El Consejo de Estado anuló parcialmente la resolución que obligaba a la sociedad Cerrejón Zona Norte a pagar más de US$900.000 como contraprestación por la ocupación temporal y exclusiva de unos terrenos de bajamar y playas en jurisdicción de Puerto Bolívar, donde se construyó un complejo portuario destinado a la exportación de carbón, a la Sociedad Carbones de Colombia S.A. (Carbocol S.A.).

El monto que debía pagar la sociedad carbonífera en 1991 fue aumentado en el año 2003, luego de un informe de la Contraloría que determinó que hubo un cálculo errado porque no se tuvo en cuenta el terreno y la profundidad exactos que usaba la entidad para realizar sus labores, y se estimó erróneamente el valor de la contraprestación.

Ante esto la Sociedad Cerrejón consideró que el monto pactado en un principio no podía ser modificado pues esas decisiones debían ser consultadas con las partes. Al respecto, la Sección Primera, con ponencia del magistrado Guillermo Vargas Ayala, explicó que la administración puede revocar los actos administrativos sin consultar, siempre que se demuestre que estos afectan el interés público y social o se cause un agravio.

En el caso concreto, la contraprestación impuesta en un principio afecta el patrimonio público de manera ostensible, según el alto tribunal. Además, para ello no se requería el consentimiento de la sociedad debido a que esta no tenía derechos adquiridos, pues se trata del patrimonio público que es inajenable.
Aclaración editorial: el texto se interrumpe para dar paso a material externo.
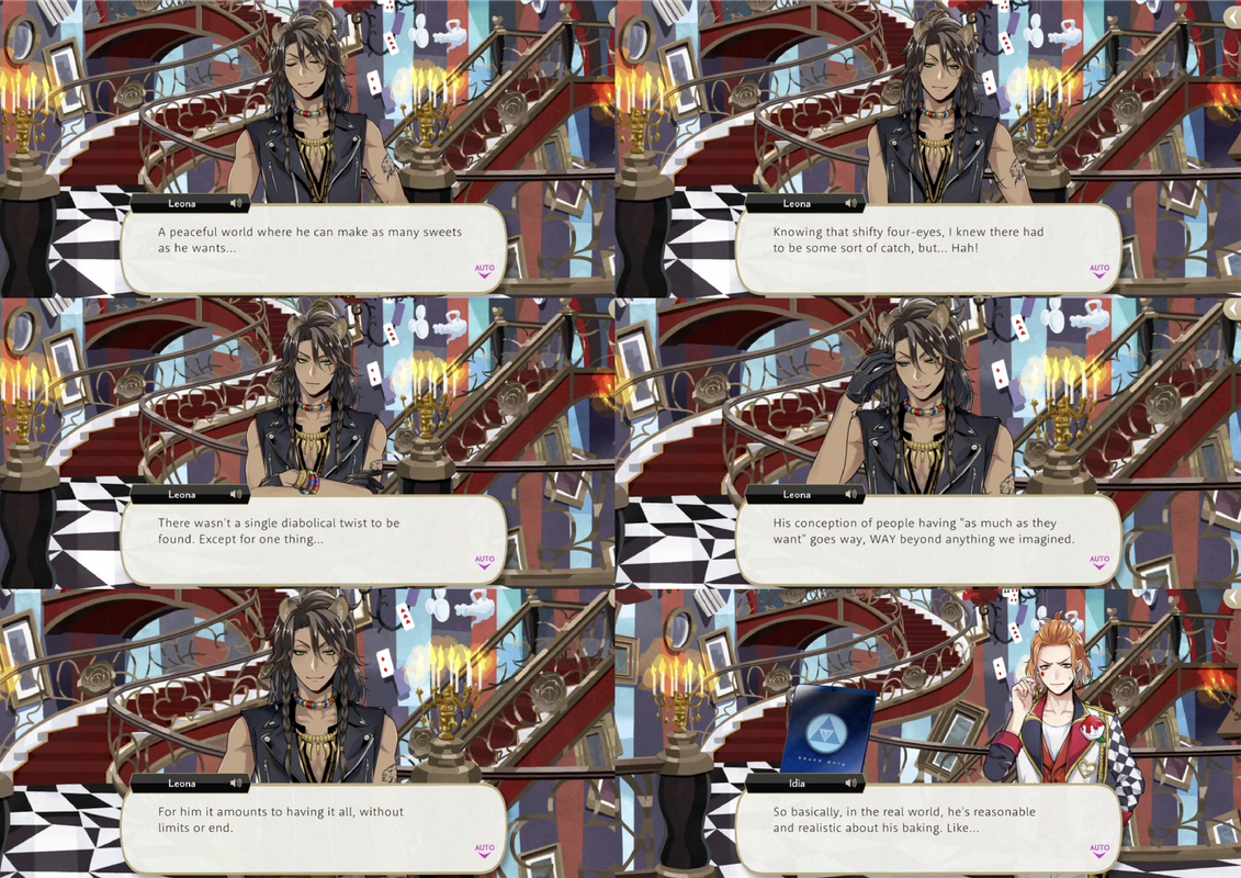 Leona says, “A peaceful world where he can make as many sweets as he wants…There wasn’t a single diabolical twist to be found. Except for one thing…for him it amounts to having it all, without limits or end.”
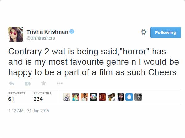 பேய் படங்கள் பற்றி த்ரிஷா ட்விட்டரில் கூறியிருப்பதாவது,
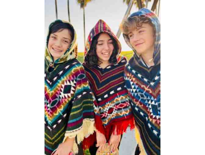Adult and kid alpaca poncho and Two matching hand embroidered leather bags made in Otavalo, Ecuador by local artisans.
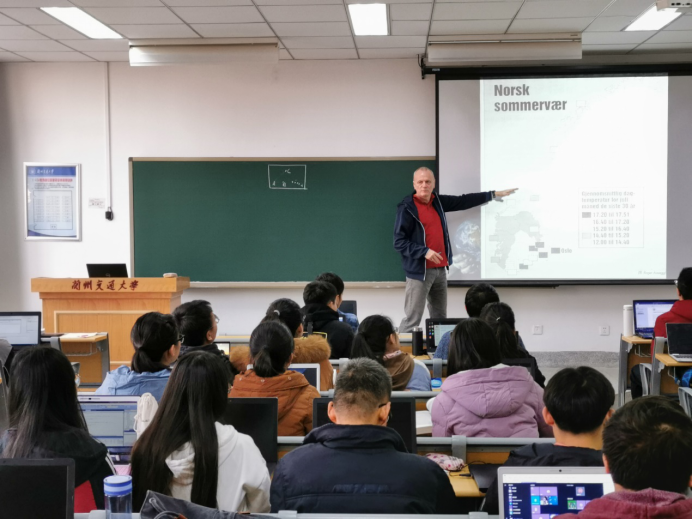 本次授课Terje Midtbø教授首先对挪威科技大学进行了简单的介绍,随后以古代的地图为切入点,循序渐进地为同学们讲述了地图的起源、地图的构成以及各种要素在地图表达中起到的作用。本次授课虽时间不长,但内容丰富多彩,引人入胜,得到了广大师生的热烈讨论与赞赏。
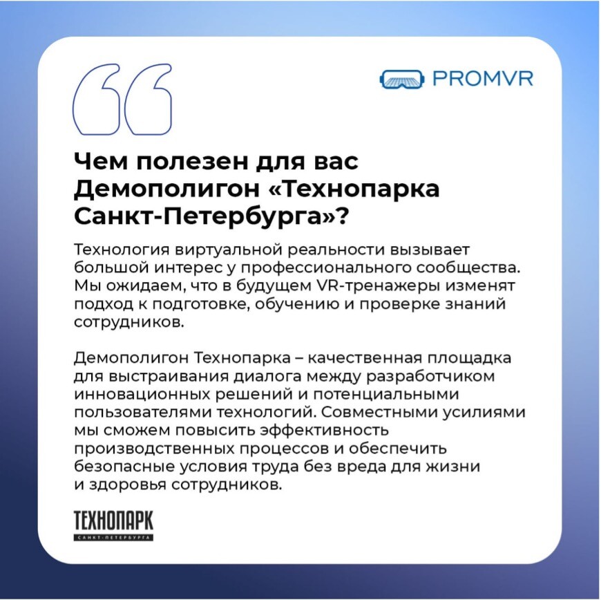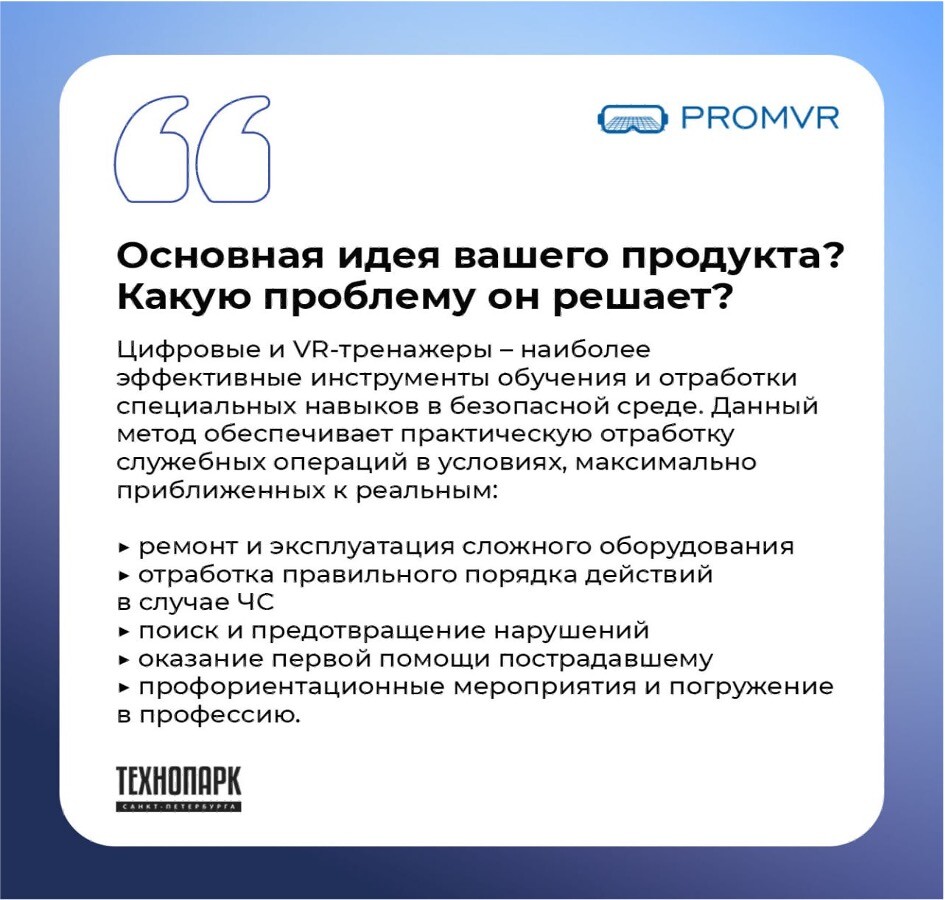Участие в данном мероприятии еще одно доказательство того, что универсальные VR-тренажеры, разрабатываемые компанией "ПРОМВИАР" могут применяться повсеместно и подходят большинству организаций для целей обучения, проверки знаний и повышения квалификации.
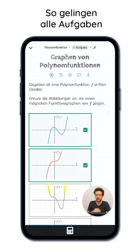 Die meisten Aufgaben (viele davon sind offizielle Zentralmatura-Aufgaben) können direkt am Smartphone und ohne weitere Hilfsmittel gelöst werden. Więc kannst du mit Miranda überall und jederzeit effizient lernen, sogar in der U-Bahn auf dem Weg zur Schule. Mit unserem Blackboard 3.0 musi być na smartfonie, który nie jest używany. Miranda jest kompletna dla optymalnego formatu Hochformat. Das Blackboard 3.0 präsentiert die handgeschriebenen Erklärungen unseres Tutors und blendet gleichzeitig sein Gesicht ein.
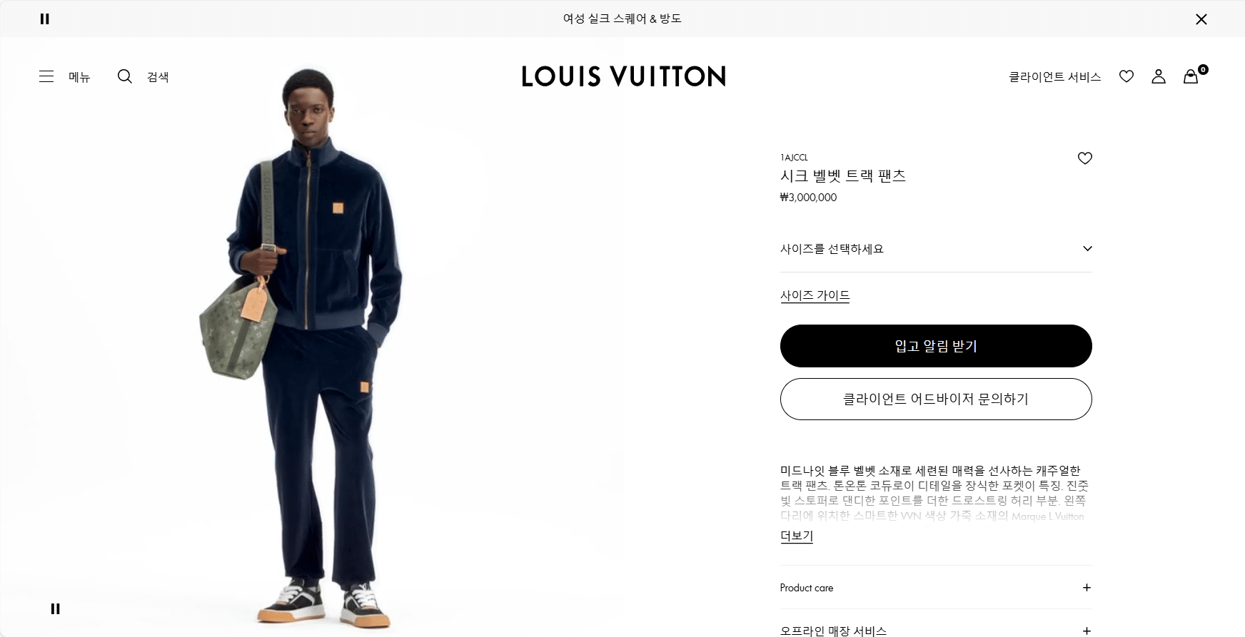 “[루이비통] 시크 벨벳 트랙 팬츠 1AJCCL”의 첫 상품평을 남겨 주세요 응답 취소

“A partir de la fijación errónea de la contraprestación, dejaron de ingresar a las arcas del Estado parte de las sumas que han debido cancelarse por ese concepto, motivo por el cual la revocatoria unilateral de los actos que fijaron el valor inicial, tenía en este caso una plena justificación”, señala la decisión. La sala explicó que aunque sí se podía revocar y modificar la resolución que fijaba el valor de la contraprestación, la Administración no podía extender los efectos de la norma hacia el pasado, es decir, cobrar un valor retroactivo, pues se estaría afectando el principio de confianza legítima y seguridad jurídica.

Afirma el fallo: “no puede admitirse entonces que las autoridades, escudadas en su propia equivocación, vengan ahora a exigir el pago retroactivo de las sumas que debieron cobrar desde el día de la homologación, por cuanto ello equivaldría a trasladar a la esfera de responsabilidades las consecuencias de la torpeza en que incurrieron las autoridades portuarias”.

En ese sentido, el Consejo de Estado ordenó al Instituto Nacional de Infraestructura que reliquide el monto que se le está cobrando a la sociedad Cerrejón S.A. que supera los US$900.000.